▶ _STORED DATA_:
--- START ---
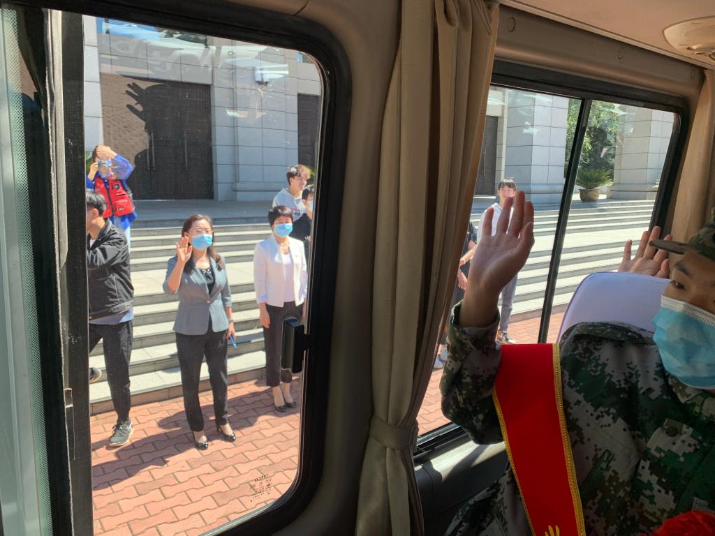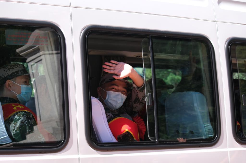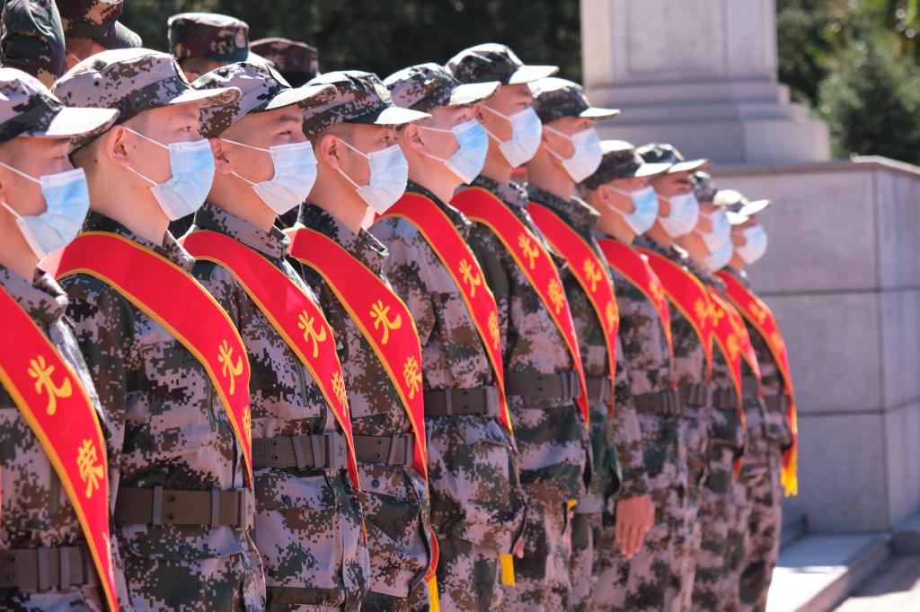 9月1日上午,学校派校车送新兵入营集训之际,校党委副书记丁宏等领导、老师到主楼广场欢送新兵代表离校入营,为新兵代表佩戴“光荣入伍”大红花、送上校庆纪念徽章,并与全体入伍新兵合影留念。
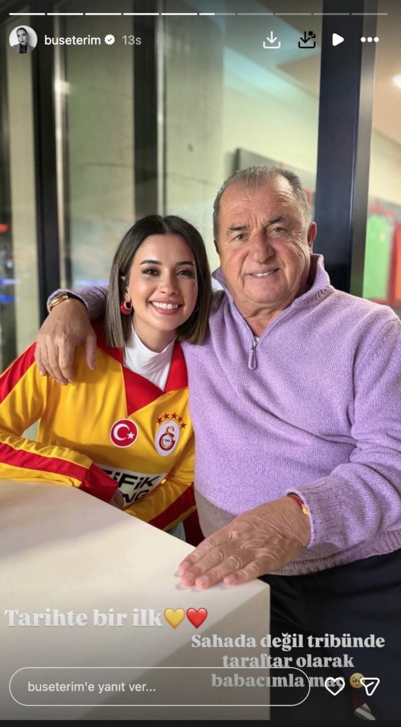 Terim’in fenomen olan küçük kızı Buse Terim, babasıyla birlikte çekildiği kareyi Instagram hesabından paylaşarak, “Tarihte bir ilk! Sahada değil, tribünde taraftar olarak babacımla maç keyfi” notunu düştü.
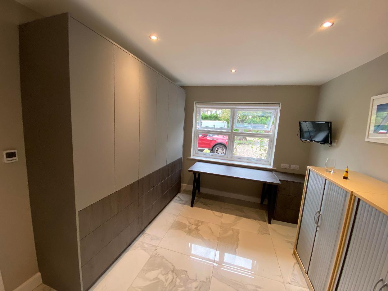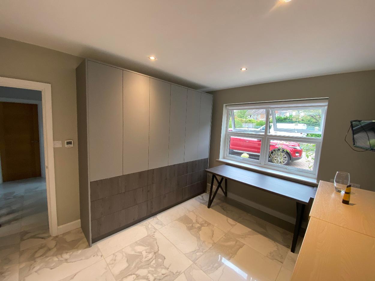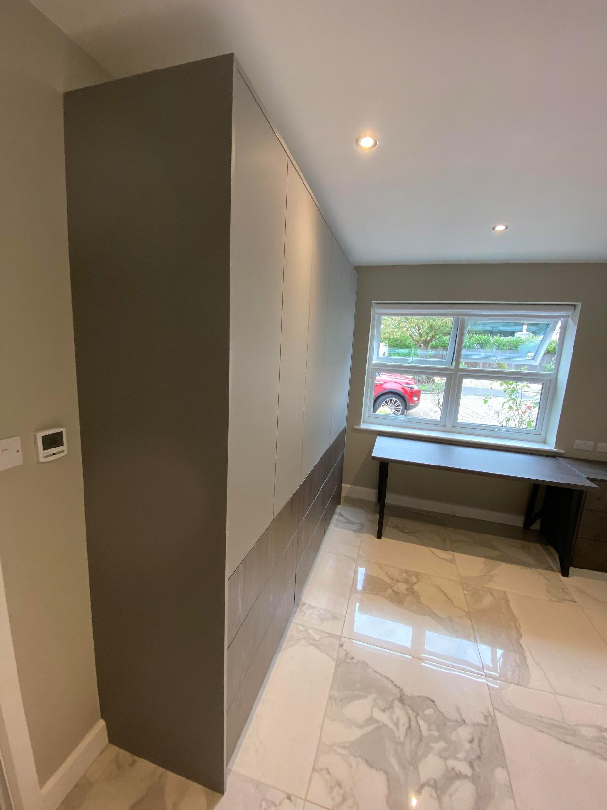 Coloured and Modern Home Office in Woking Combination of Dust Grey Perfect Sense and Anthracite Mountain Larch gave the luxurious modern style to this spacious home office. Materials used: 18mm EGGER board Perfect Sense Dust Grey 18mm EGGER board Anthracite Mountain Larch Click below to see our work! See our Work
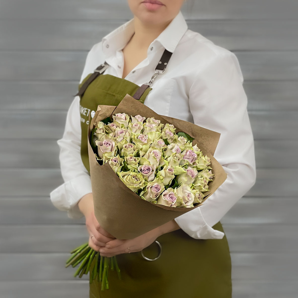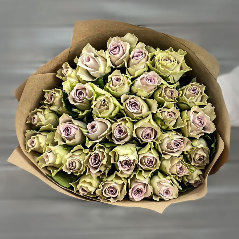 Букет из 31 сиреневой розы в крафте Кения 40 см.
--- END ---
▶ _PROBLEM DETAILS_: Once the images are removed, print the remaining data exactly as it appears above.

▶ _ANSWER BOX_:
 9月1日上午,学校派校车送新兵入营集训之际,校党委副书记丁宏等领导、老师到主楼广场欢送新兵代表离校入营,为新兵代表佩戴“光荣入伍”大红花、送上校庆纪念徽章,并与全体入伍新兵合影留念。
 Terim’in fenomen olan küçük kızı Buse Terim, babasıyla birlikte çekildiği kareyi Instagram hesabından paylaşarak, “Tarihte bir ilk! Sahada değil, tribünde taraftar olarak babacımla maç keyfi” notunu düştü.
 Coloured and Modern Home Office in Woking Combination of Dust Grey Perfect Sense and Anthracite Mountain Larch gave the luxurious modern style to this spacious home office. Materials used: 18mm EGGER board Perfect Sense Dust Grey 18mm EGGER board Anthracite Mountain Larch Click below to see our work! See our Work
 Букет из 31 сиреневой розы в крафте Кения 40 см.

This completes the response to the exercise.